News has surfaced suggesting that  PlayStation 5 bootloader signing keys may have been leaked. Sony has not confirmed the significance or impact of this information, so it’s important to approach the discussion with caution.

If such a leak were confirmed, the implications would be serious. Anyone capable of crafting a rogue bootloader, kernel, and operating system – bypassing each successive signature verification stage – could potentially run custom code on the PS5. That would open the door to game cracking and widespread piracy.

While I don’t have direct insight into the situation, it’s still a useful example for examining why signing infrastructure matters.

Two Possible Signing Scenarios

Symmetric Key Signing

If a symmetric key (the same key used for signing and verification) were used, that would represent a major risk.

Why?

Because the verification key would need to reside on every PS5. Extracting it from a single console could allow attackers to sign rogue bootloaders for all devices.

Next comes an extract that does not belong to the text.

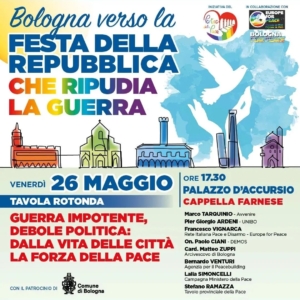 Una scelta di dissenso dalla linea prevalente adottata dal Pd senza soluzione di continuità dalla segreteria di Enrico Letta a quella attuale di Elly Schlein. Altre voci di dissenso si sono espresse con la mancata presenza in aula o l’astensione. Quella di Paolo Ciani è quindi una posizione singolare che lo porta ad essere anche l’unico parlamentare ad intervenire alla manifestazione del 26 maggio a Bologna promossa come ogni anno dalle associazioni riunite nel “Portico della Pace” per la “festa della Repubblica che ripudia la guerra”. Oltre al segretario di Democrazia Solidale, interverranno tra gli altri anche il cardinale di Bologna Matteo Zuppi, investito da papa Francesco nell’iniziativa di pace in Ucraina, e Marco Tarquinio che da quando ha lasciato la direzione del quotidiano Avvenire, espressione della Cei, è ancora più attivo nei dibattiti e nel sostegno alle iniziative per fermare l’escalation bellica nel centro dell’Europa. Nella tavola rotonda organizzata per il 26 maggio a Bologna con il titolo “Guerra impotente, debole politica. Dalla vita delle città la forza della pace” si chiede a Paolo Ciani di parlare delle “armi della politica”.

This approach is not recommended for systems where signing and verification occur on different machines – symmetric keys are inherently duplicated, more exposed, and more vulnerable.

Asymmetric Key Signing

The better approach is asymmetric cryptography.

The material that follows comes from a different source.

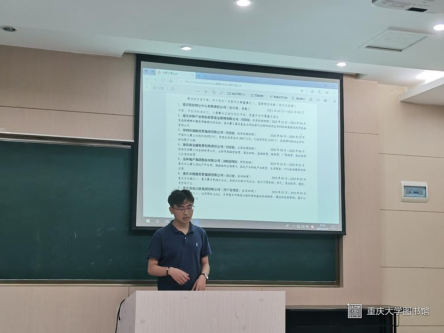 为加深同学们对证券、地产行业的了解,同时指导同学们对未来职业发展道路建立良好的全局观,2021年6月10日晚7点30分,重庆大学金融协会在A区经管楼202教室举办了“薪火相传,职点迷津”择业分享会。本次活动邀请来自2018级工商管理专业的两位嘉宾苏涛和唐超玥同学分享了证券、地产行业的实习与就业情况,通过经验分享、座谈交流的方式,解答同学们的疑惑。
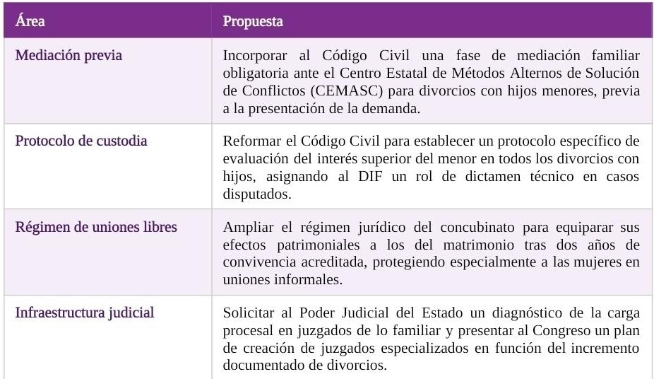 - Déficit de acompañamiento institucional. El Código Civil reformado no generó un servicio estatal de orientación jurídica y psicológica para cónyuges en proceso de separación. El Poder Judicial ofrece el procedimiento; no ofrece el entorno de apoyo que permita que el procedimiento sea una transición ordenada y no un trauma amplificado.

In this case, the leaked key would have to be the private signing key, which should never reside on the device itself. The PS5 would only hold the public key for verification.

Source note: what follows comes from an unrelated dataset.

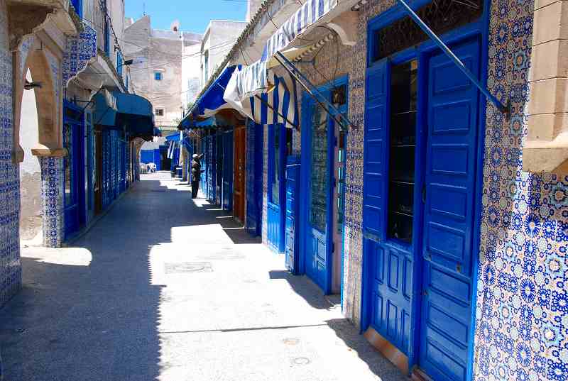 何でも青い色に塗られている! この町に着いて、なんとなく気が付いたが、旧市街に入ってみて、その感を深くした。細い街路が入り組んでいるのは、モロッコなら、どのメディナに入ってみても共通しているが、ここは、各戸の入り口、外壁のすべてが青いのであった。同じ美しい色調の青なので、いっそう感動した。
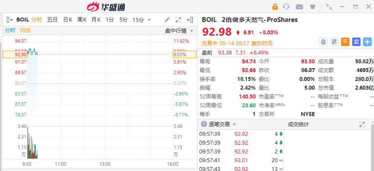 2倍做多天然气-ProShares、2倍做多标普原油与天然气探勘与开采产业ETF-Direxion涨超8%。

If implemented correctly, that private key should live inside a Hardware Security Module (HSM), protected by strict access controls and managed by signing software that enforces roles and permissions – solutions like Keyfactor SignServer.

When protected according to FIPS 140-3 Level 3 standards, stealing that key becomes highly improbable.

Signing Is Just Math – But Math Isn’t Enough

Secure boot relies on a chain of trust. And while cryptography provides the math, infrastructure determines whether that math can be trusted.

How signing is implemented matters just as much as the algorithms themselves.

Long-term trust depends on:

  • How private keys are protected
  • How access is governed
  • How signing processes are enforced
  • How systems adapt over time

Strong signing infrastructure establishes trust.

Where Crypto-Agility Comes In

Discussions around signing – whether they’re confirmed or merely hypothetical – naturally raise an important follow-on question: If trust is ever challenged, can the platform respond without disruption?

  • Can keys be rotated safely?
  • Can trust anchors be updated?
  • Can changes be introduced without breaking devices or the business?

This is where the conversation extends beyond signing itself – and into crypto-agility.

Crypto-agility is the ability to adapt cryptography over time, whether driven by key compromise, algorithm changes, or post-quantum requirements. Secure signing helps prevent failures – but crypto-agility helps ensure trust can endure change.

Final Thought

If you’re responsible for hardware or software product security, now is the right time to audit your signing process.

Ask yourself:

  • Where are my private keys stored?
  • Who can access them?
  • Is my infrastructure hardened against insider and external threats?
  • Am I prepared to move to post-quantum signing algorithms like ML-DSA?

Because when trust breaks, the entire ecosystem suffers.